Monday, December 14, 2015

Bone Broth Is Good For Your Aching Joints

Ancient cultures around the world include some kind of bone broth in their daily food. A South American proverb states “a good broth will resurrect the dead”. In today’s rapidly modernizing world, this traditional wisdom is largely lost.

Some of you might remember your grandmother making a chicken broth with a whole chicken fresh from the butcher. The feet are the most important element in the soup as it is rich in collagen and gelatin. Homemade soup has amino acids like proline, glysine and hydroxyproline which are necessary for collagen production.

Arginine (an amino acid) is necessary for the proper functioning of immune system and wound healing. It is needed in the production and release of growth hormones. Glycine prevents the breakdown of protein tissue like muscle and helps to detoxify the body of chemicals while acting as an antioxidant. Proline helps  generate cartilage and heal joints while reducing cellulite in the skin.

The chicken feet brings all the elements together and harmonizes the different flavours. Remember to get the butcher to properly scald and peel the feet before bringing them home.

How to make bone broth



You can make a broth with animal parts alone. The combination of animal products and vegetables work together to fortify each other. They are more beneficial if taken together. The things not commonly found in meat stores (like chicken feet and neck) are especially important. Make sure to buy animal products that are free from antibiotics and hormones.

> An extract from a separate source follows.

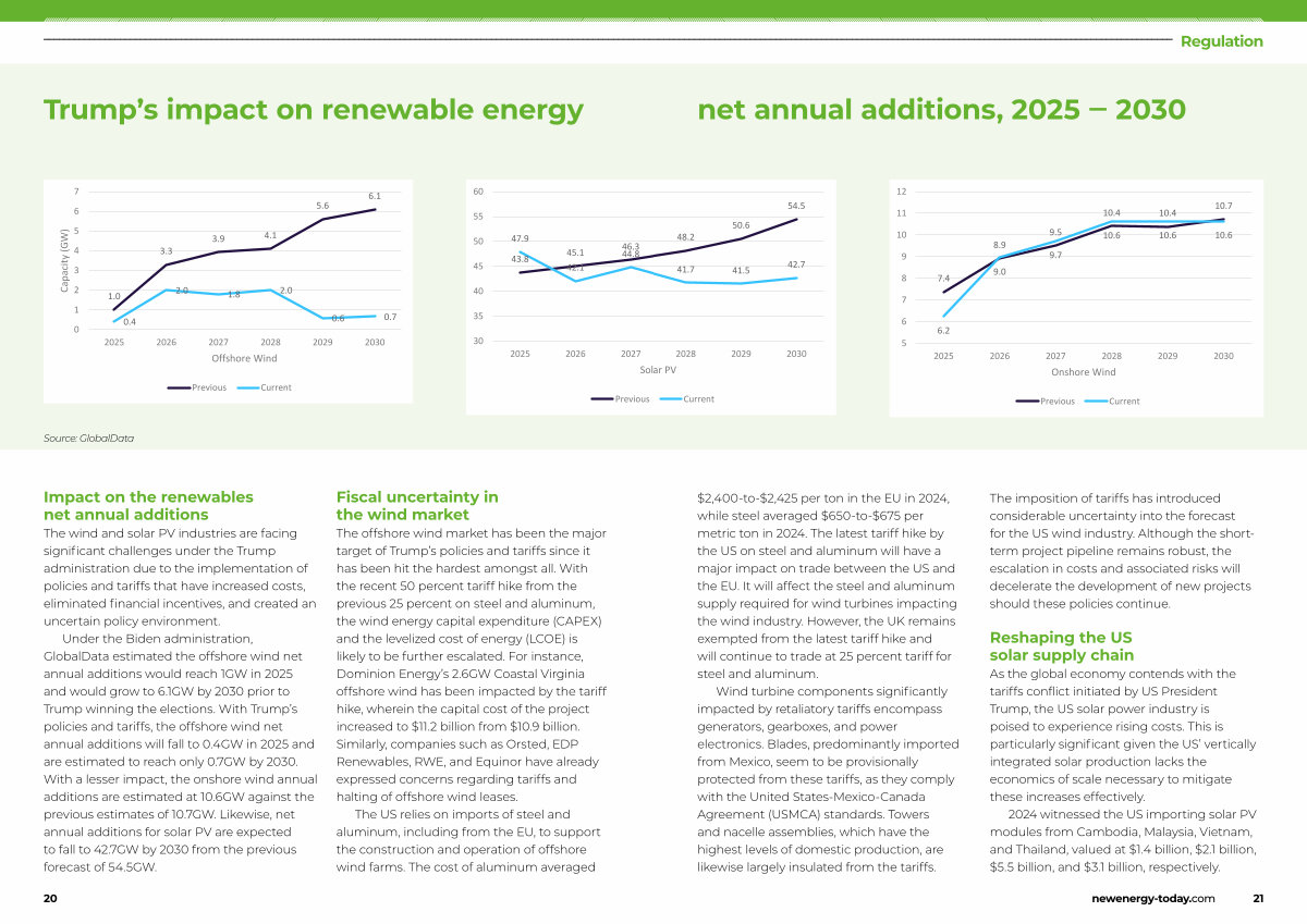 The offshore wind market has been the major target of Trump’ s policies and tariffs since it has been hit the hardest amongst all. With the recent 50 percent tariff hike from the previous 25 percent on steel and aluminum, the wind energy capital expenditure( CAPEX) and the levelized cost of energy( LCOE) is likely to be further escalated. For instance, Dominion Energy’ s 2.6GW Coastal Virginia offshore wind has been impacted by the tariff hike, wherein the capital cost of the project increased to $ 11.2 billion from $ 10.9 billion. Similarly, companies such as Orsted, EDP Renewables, RWE, and Equinor have already expressed concerns regarding tariffs and halting of offshore wind leases.

Items like bones, meat, fat and vegetables are essential in making a good bone broth. If you choose to make beef broth then remember to brown the meat before putting it in a stock pot. Add a bit of apple cider vinegar to the pot to draw the
minerals from the bones.

Cooking suggestions


1. Place the bones in a stock pot and cover with water.

2. Add two tablespoons of apple cider vinegar to water before cooking.

3. Fill the pot with filtered water. Leave room for the water to boil.

4. Heat slowly. Reduce the heat after it starts to boil and then simmer for a few hours. Remove the scum as it rises.

5. Cook slowly at low temperature. The slow cooking time is necessary to extract the nutrients from the bones.

6. Then add vegetables like onions, garlic, carrots and celery for added nutrition.  

The only difference between a stock and a broth is that the stock is made from bones and vegetables, whereas a broth is made only with meat and vegetables.

Both stock and bone broth are rich in nutrients as they are full of collagen and gelatin as well as minerals. They are available in an easily digestible form. You can make them even more nutritious by adding a little fat in the form of cream. These bone broths are essential if you have weak or aching bones.